Reverse Integration CI
Now that we have some more CI resources, lets get reverse CI setup for some integration tests. We don't have infinite resources, but let's try to get some useful things going.
Specifically my thoughts here are to have CPU reverse integration CI, on 32-core machines. Each integration can have one of these runners [which do need to complete in some reasonable time, tbd]. These won't be considered blocking for PRs (unless they can spit out MWE's for examples of the failure), but can be used to early catch failures (and hopefully prevent any issues before the pop up, and provide some nicer notions of stability).
- [x] Lux @avik-pal could you take a look? (done in #2569)
- [ ] Flux @CarloLucibello, @mcabbott could you take a look?
- [ ] Turing @mhauru could you take a look?
- [x] SciML @ChrisRackauckas could you take a look? (done in #2593)
- [ ] Comrade @ptiede could you take a look? [assuming theres some interesting CPU-only tests]
- [x] DifferentiationInterface @gdalle could you take a look? (done in #2531)
- [ ] Molly @jgreener64 could you take a look? [assuming theres some interesting CPU-only tests] (#2728)
- [ ] Oceananigans @glwagner could you take a look?
- [ ] @MilesCranmer I remember you mentioning something else
- [ ] Chmy/friends @luraess could you take a look? [assuming theres some interesting CPU-only tests]

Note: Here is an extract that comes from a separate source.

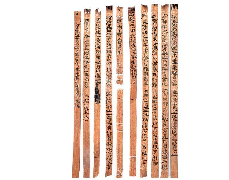 王杖簡,漢代,出土于武威市磨咀子漢墓。共計10枚,松木削制。兩道編繩,先書后編;墨書隸體,字跡清晰。每枚簡容字多者37字,少者6字,共240字。其內(nèi)容記載了東漢永平十五年(72年)幼伯受王杖事,并錄建始二年(前31年)九月“年七十受王杖”的詔書與河平元年(前28年)毆擊王杖主當棄市的令。

- [x] Distributions (#2617)
- [x] KernelAbstractions (#2709)
- [ ] MPI (#518)
Very good news! How do you want to do this, one yml file for all packages? GitHub actions or Buildkite? What is your idea of "reasonable time"?
github actions. Up to either, but currently we have one yml for all integration tests. not sure about reasonable time yet, but it should for sure complete before the rest of Enzyme proper CI, and not hog all the CI VMs
also cc @giordano
One question is: do you want to just execute the full downstream test suite for each package (which would be comprehensive but may be very compute intensive and run loads of unrelated tests), or just have smaller test scripts to be included here which represent relevant workloads?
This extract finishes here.